In relation to a possible reorganisation of the Federal Territory, Schroeter in 2000 appealed for the creation of a large north-eastern state. This should consist of the counties Berlin, Brandenburg, Mecklenburg-Western Pomerania and Saxony-Anhalt formed with Schwerin as the capital. In 2006 Schroeter was a candidate for the post of chairman of the SPD in Brandenburg, from which Matthias Platzeck withdrew. In 2007 Schröter demanded further decentralization of school policy in Brandenburg education as a key reform. Cities as education providers should also get the personal responsibility for the teachers In connection with the construction of the Berlin Brandenburg International Airport Schröter pleaded in 2008 for keeping open Berlin-Tegel Airport, otherwise, he feared a negative impact on economic development of the Upper Havel.

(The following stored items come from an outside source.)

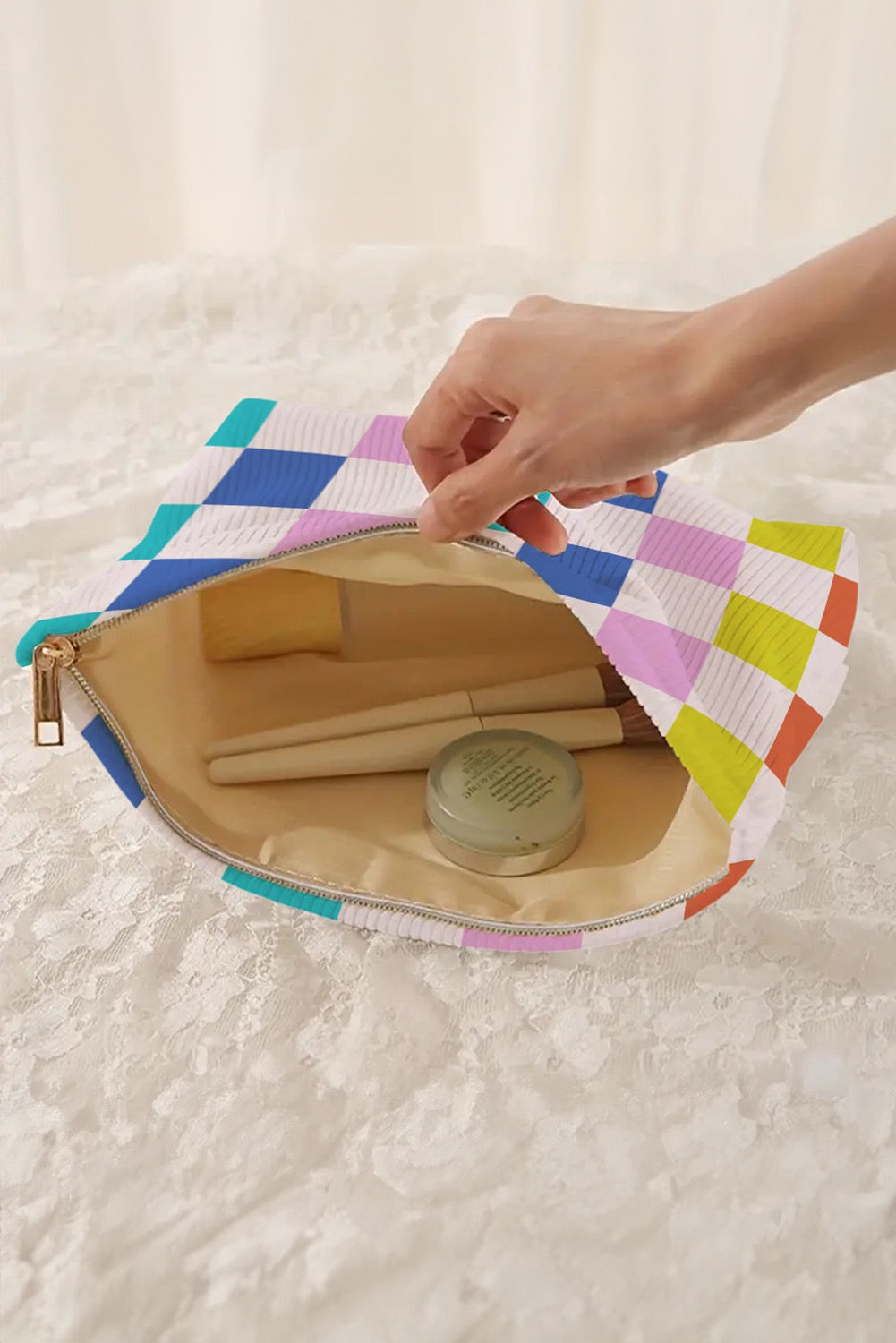 - Checkered pattern creates a chic and fashionable look for your cosmetic storage.
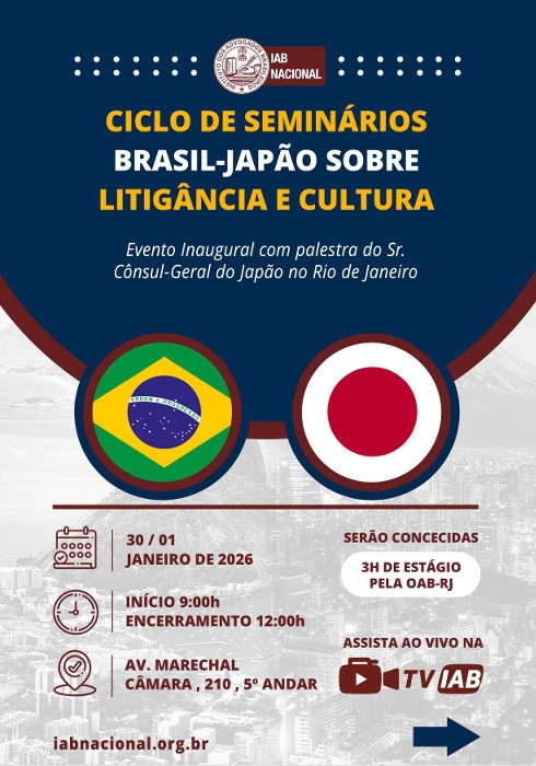 O Instituto dos Advogados Brasileiros (IAB) promoverá, no dia 30 de janeiro, a partir das 9h, o Ciclo de Seminários Brasil-Japão sobre Litigância e Cultura, evento inaugural que reunirá autoridades, magistrados e especialistas para debater imigração, cultura jurídica e relações bilaterais. O encontro será realizado em formato híbrido, com transmissão pelo canal TVIAB no YouTube. Na palestra inaugural, o cônsul-geral do Japão no Rio de Janeiro, Minas Gerais e Espírito Santo, Takashi Manabe, abordará o tema Diplomacia japonesa e os 130 anos das relações de amizade e comércio Brasil-Japão.
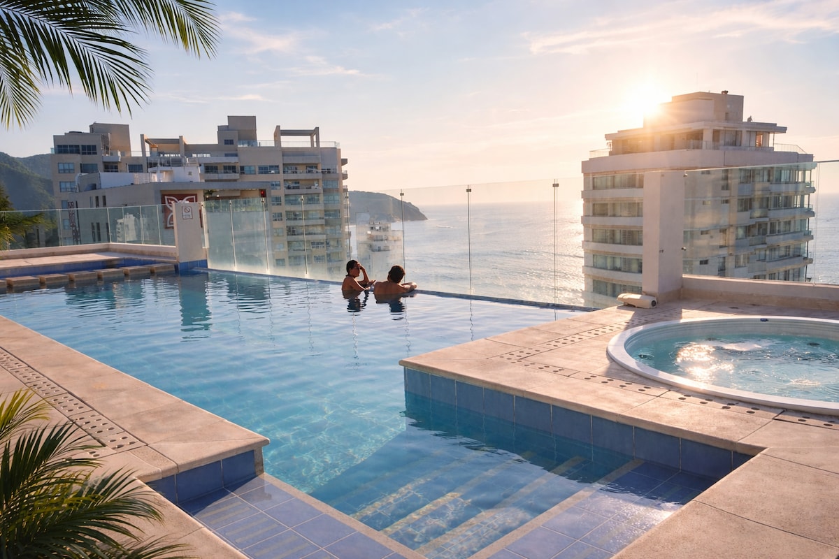 Pumunta sa rooftop kung saan makakapagrelaks ka sa dalawang swimming pool! Ang apartment ay maigsing distansya (sa paligid ng 5 minuto) sa bay area, sa beach at sa pinakamahusay na gastronomy at kultura na inaalok ng lungsod. Huwag mahiyang maging komportable kami para sa mga rekomendasyon! Ang gitnang lokasyon ng apartment ay perpekto para sa pagbisita sa mga lokal na beach pati na rin ang mga pinakasikat na kalapit na atraksyon: Tayrona Park, Palomino, Minca, at Lost City (upang pangalanan ang ilan!).
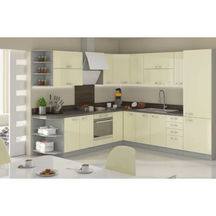 Visoka omara ELITE 40D je sestavljena iz fronte iz MDF plošče, debeline 16 mm, robovi so iz ABS 1 mm. Korpus je narejen iz laminirane plošče, debeline 16 mm, robovi so iz melamina. Kuhinjski element je na voljo v treh barvah visokega sijaja. V komentarju dopišete, katero barvno kombinacijo želite. Kuhinjski elementi imajo sistem mehkega zapiranja.
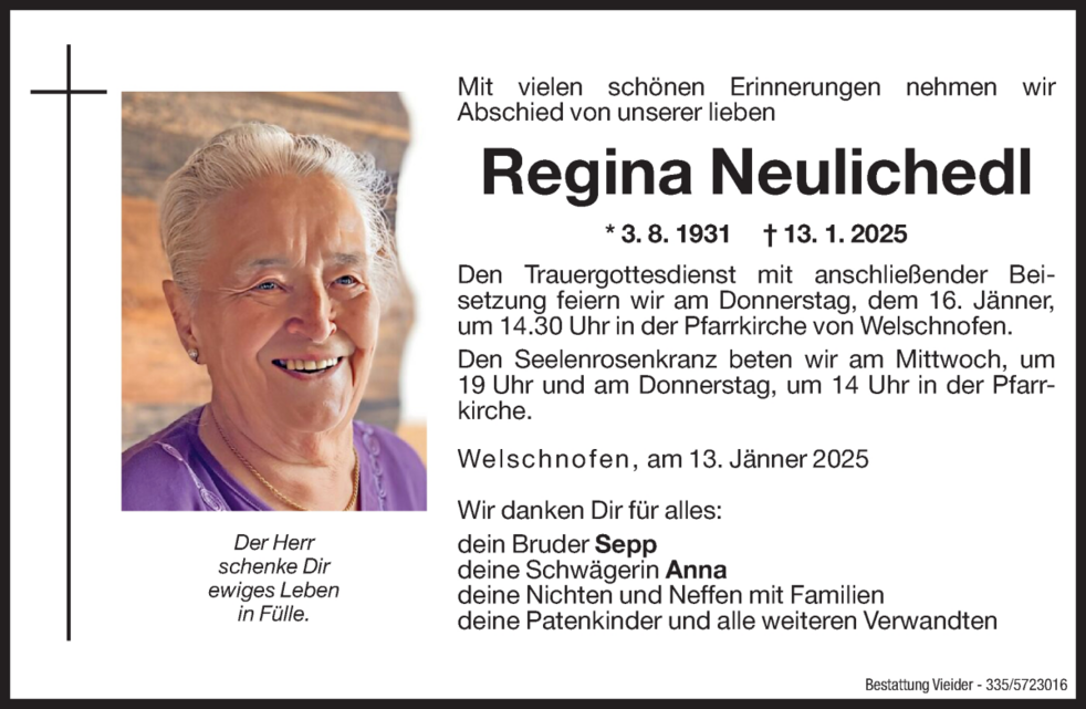 Den Trauergottesdienst mit anschließender Beisetzung feiern wir am Donnerstag, 16. Jänner, um 14.30 Uhr in der Pfarrkirche von Welschnofen.

In November 2009, Schröter was re-elected by the county council as a district administrator. His new eight-year term will begin in March 2010. The parliamentary groups of CDU SPD and FDP previously had an application rejected in the district council, for a change to the Brandenburg Communal Constitution, to choose the new district administrator directly by citizens. Some group members expressed a direct election was too risky for them. Schröter, in 2007, described as completely unnecessary, the direct election of district administrators in Brandenburg.

Since 2014, Schröter has been serving as State Minister of the Interior in the government of Minister-President Dietmar Woidke of Brandenburg. As one of his state's representatives at the Bundesrat, he serves on the Committee on Internal Affairs and the Defense Committee.

== Comments ==
Schröter is criticized by trade-union members for his support for plans in 2012 to provide merchandise-coupons to political refugees instead of money in cash.

== Personal life ==
Schröter is Catholic, married and has two children. He lives in Hohen Neuendorf and is a Marathon runner.